→ Extracted entries:
------------------------------------------------------------------------
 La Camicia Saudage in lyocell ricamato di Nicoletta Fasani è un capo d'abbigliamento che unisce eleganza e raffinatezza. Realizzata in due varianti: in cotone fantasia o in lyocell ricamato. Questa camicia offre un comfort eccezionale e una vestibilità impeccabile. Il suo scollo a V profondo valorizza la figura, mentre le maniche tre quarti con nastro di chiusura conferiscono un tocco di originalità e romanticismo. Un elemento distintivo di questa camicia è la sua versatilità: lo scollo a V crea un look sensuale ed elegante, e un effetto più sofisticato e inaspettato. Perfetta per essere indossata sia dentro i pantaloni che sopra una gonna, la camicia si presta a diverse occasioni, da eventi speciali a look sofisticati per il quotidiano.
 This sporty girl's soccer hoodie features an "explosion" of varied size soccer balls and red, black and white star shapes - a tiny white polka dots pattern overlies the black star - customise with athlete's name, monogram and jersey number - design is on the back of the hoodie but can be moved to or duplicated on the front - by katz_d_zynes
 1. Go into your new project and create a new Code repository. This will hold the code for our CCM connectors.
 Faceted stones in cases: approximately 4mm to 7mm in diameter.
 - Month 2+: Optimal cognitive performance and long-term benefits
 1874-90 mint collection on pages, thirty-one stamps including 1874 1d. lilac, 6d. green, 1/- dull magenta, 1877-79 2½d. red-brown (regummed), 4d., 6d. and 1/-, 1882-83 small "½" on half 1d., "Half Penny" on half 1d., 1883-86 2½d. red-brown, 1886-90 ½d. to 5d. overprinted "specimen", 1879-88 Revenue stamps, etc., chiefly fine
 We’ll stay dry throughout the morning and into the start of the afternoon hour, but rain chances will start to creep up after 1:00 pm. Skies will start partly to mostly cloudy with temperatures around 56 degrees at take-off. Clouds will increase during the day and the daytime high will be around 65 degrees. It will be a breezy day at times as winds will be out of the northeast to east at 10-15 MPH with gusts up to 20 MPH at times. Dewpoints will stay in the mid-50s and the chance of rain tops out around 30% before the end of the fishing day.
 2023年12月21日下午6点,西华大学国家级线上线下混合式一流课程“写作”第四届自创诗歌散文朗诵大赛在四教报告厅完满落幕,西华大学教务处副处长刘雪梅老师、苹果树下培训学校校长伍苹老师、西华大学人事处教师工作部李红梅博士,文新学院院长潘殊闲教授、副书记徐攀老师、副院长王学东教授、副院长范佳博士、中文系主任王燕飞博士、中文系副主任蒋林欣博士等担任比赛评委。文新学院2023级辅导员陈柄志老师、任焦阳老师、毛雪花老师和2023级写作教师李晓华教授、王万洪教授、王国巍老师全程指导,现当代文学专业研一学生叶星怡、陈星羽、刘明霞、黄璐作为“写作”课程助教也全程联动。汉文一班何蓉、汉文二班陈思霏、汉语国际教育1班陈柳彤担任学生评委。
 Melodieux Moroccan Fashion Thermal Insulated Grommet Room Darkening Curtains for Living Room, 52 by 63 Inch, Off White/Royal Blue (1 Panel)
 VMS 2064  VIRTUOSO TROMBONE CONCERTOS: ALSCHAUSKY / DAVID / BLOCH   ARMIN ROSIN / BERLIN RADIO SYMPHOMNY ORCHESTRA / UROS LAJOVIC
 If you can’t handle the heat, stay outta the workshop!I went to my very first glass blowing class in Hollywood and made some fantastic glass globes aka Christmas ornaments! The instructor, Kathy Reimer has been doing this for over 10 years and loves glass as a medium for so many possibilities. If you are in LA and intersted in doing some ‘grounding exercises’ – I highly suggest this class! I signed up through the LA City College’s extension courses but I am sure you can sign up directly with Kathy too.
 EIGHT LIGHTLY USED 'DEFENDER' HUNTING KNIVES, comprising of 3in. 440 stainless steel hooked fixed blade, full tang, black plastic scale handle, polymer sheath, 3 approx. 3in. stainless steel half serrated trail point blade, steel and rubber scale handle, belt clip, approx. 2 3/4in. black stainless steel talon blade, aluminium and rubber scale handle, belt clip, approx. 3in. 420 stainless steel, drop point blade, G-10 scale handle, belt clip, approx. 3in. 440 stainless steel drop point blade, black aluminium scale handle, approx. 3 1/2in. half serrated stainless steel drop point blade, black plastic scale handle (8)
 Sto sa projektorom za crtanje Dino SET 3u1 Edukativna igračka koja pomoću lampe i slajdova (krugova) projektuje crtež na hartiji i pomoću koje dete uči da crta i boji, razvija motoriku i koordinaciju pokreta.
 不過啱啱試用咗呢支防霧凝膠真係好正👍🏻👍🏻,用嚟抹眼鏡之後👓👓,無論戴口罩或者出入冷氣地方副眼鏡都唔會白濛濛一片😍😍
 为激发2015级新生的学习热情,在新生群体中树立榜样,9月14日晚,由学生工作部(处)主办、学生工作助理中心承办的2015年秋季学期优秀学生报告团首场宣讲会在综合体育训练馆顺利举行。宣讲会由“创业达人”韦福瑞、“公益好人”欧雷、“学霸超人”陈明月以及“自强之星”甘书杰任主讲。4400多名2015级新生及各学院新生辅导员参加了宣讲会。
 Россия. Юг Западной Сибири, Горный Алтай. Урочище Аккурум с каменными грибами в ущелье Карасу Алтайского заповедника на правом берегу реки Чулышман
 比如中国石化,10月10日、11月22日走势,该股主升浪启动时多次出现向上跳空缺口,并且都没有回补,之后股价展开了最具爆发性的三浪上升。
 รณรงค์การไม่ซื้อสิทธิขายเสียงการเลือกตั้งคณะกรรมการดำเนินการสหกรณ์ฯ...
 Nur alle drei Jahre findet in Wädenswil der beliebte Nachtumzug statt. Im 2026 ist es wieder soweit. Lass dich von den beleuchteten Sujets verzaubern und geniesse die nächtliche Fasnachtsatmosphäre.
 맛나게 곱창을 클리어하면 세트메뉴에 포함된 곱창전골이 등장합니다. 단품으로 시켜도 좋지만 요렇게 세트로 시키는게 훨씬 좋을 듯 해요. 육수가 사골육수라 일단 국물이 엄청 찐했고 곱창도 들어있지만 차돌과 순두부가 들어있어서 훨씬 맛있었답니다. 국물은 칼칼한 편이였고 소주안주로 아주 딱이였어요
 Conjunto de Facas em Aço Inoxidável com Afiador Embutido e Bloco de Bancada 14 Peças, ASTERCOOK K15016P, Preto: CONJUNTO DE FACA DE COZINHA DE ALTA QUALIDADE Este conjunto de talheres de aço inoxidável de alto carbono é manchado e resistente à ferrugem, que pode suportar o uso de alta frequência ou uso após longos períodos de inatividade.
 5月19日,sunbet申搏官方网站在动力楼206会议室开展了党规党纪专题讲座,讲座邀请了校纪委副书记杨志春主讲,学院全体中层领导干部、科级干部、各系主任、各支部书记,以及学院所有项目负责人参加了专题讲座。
------------------------------------------------------------------------
The lines from the one containing "不過啱啱試用咗呢支防霧凝膠真" through the final line of the entries above are to be printed exactly, with nothing added.

→ Solution to the exercise:
 不過啱啱試用咗呢支防霧凝膠真係好正👍🏻👍🏻,用嚟抹眼鏡之後👓👓,無論戴口罩或者出入冷氣地方副眼鏡都唔會白濛濛一片😍😍
 为激发2015级新生的学习热情,在新生群体中树立榜样,9月14日晚,由学生工作部(处)主办、学生工作助理中心承办的2015年秋季学期优秀学生报告团首场宣讲会在综合体育训练馆顺利举行。宣讲会由“创业达人”韦福瑞、“公益好人”欧雷、“学霸超人”陈明月以及“自强之星”甘书杰任主讲。4400多名2015级新生及各学院新生辅导员参加了宣讲会。
 Россия. Юг Западной Сибири, Горный Алтай. Урочище Аккурум с каменными грибами в ущелье Карасу Алтайского заповедника на правом берегу реки Чулышман
 比如中国石化,10月10日、11月22日走势,该股主升浪启动时多次出现向上跳空缺口,并且都没有回补,之后股价展开了最具爆发性的三浪上升。
 รณรงค์การไม่ซื้อสิทธิขายเสียงการเลือกตั้งคณะกรรมการดำเนินการสหกรณ์ฯ...
 Nur alle drei Jahre findet in Wädenswil der beliebte Nachtumzug statt. Im 2026 ist es wieder soweit. Lass dich von den beleuchteten Sujets verzaubern und geniesse die nächtliche Fasnachtsatmosphäre.
 맛나게 곱창을 클리어하면 세트메뉴에 포함된 곱창전골이 등장합니다. 단품으로 시켜도 좋지만 요렇게 세트로 시키는게 훨씬 좋을 듯 해요. 육수가 사골육수라 일단 국물이 엄청 찐했고 곱창도 들어있지만 차돌과 순두부가 들어있어서 훨씬 맛있었답니다. 국물은 칼칼한 편이였고 소주안주로 아주 딱이였어요
 Conjunto de Facas em Aço Inoxidável com Afiador Embutido e Bloco de Bancada 14 Peças, ASTERCOOK K15016P, Preto: CONJUNTO DE FACA DE COZINHA DE ALTA QUALIDADE Este conjunto de talheres de aço inoxidável de alto carbono é manchado e resistente à ferrugem, que pode suportar o uso de alta frequência ou uso após longos períodos de inatividade.
 5月19日,sunbet申搏官方网站在动力楼206会议室开展了党规党纪专题讲座,讲座邀请了校纪委副书记杨志春主讲,学院全体中层领导干部、科级干部、各系主任、各支部书记,以及学院所有项目负责人参加了专题讲座。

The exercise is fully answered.